2.4 Rolling circle amplification
Total DNA (100 ng) from symptomatic Kibaha leaf tissue was amplified using the TempliPhi Amplification Kit (GE Healthcare, Chicago IL), which contains phi29 DNA polymerase (Dean et al., 2002), according to the manufacturer’s instruction at 30°C for 18 h. The reaction buffer solution of the TempliPhi Amplification Kit included random hexamer primers. Separately, 2 µL of total DNA was denatured at 95°C for 3 min, then cooled on ice for 3 min for amplification with the EquiPhi29 kit (Thermo Fisher Scientific, Waltham MA).

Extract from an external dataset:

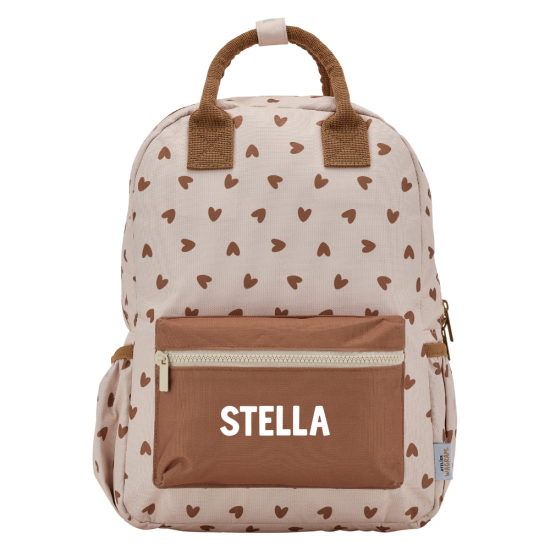 coeurs marron / fond beige -

The cooled reaction was mixed with 0.5 μL of 10X EquiPhi29 Reaction Buffer, 1.0 μL of Exo-resistant random primers, and 1.5 μL of nuclease-free water. The denatured DNA product (5 μL) was amplified using 1 μL (10 U) of EquiPhi29 DNA polymerase, 1.5 μL of 10X EquiPhi29 Reaction Buffer, 0.2 μL of 100 mM DTT, 2 μL of 10 mM dNTP mix, 1.0 μL (0.1 U) of pyrophosphatase and 9.3 μL of nuclease-free water (Povilaitis et al., 2016) according to the manufacturer’s instructions, except that the reactions were performed at 40°C for 2 h. EquiPhi29 conditions were optimized to retain the highest amount of dsDNA based on Povilaitis et al., 2016, the manufacturer’s report, and an optimization experiment (Povilaitis et al., 2016) (Supp. 1A).
Total DNA (100 ng) and RCA products (100 ng) generated using the TempliPhi Amplification Kit were treated with 1 μL (1 U) of Mung Bean nuclease (New England Biolabs, Ipswich, MA), 3 μL of CutSmart Buffer (New England Biolabs) in a 30 μL reaction volume for 30 min at 30°C. The solution was inactivated with 3 μL of SDS (0.01%), and DNA was recovered by ethanol precipitation, according to the manufacturer’s specifications. RCA products (11 μL) generated using the TempliPhi Amplification Kit were also treated with 1.0 μL (1 U) of Klenow (large subunit) (New England Biolabs) and 1.0 μL (1 U) of T4 DNA polymerase (New England Biolabs) in a mixture of 5.0 μL 10X NEB Buffer #2 (New England Biolabs), 0.5 μL 10 mM dNTP, and 31.5 μL nuclease-free water at 25°C for 1 h. The reaction was inactivated by incubation at 75°C for 1 h. After the repair reaction, residual salt and enzyme were removed by suspending 60 μL of SPRIselect beads (Beckman Coulter, Pasadena CA) in the 50 μL RCA/repair reaction. The mixture was incubated at room temperature for 5 min, placed on a DynaMag™-2 magnetic rack (Thermo Fisher Scientific, Waltham MA) for 5 min at room temperature or until the liquid was clear. The liquid was removed and the bead pellet was washed in 200 μL of 80% ethanol on the magnetic rack for 30 sec. The ethanol was removed and air-dried for 5 min on the magnetic rack. The pellet was resuspended in 17 μL of nuclease-free water.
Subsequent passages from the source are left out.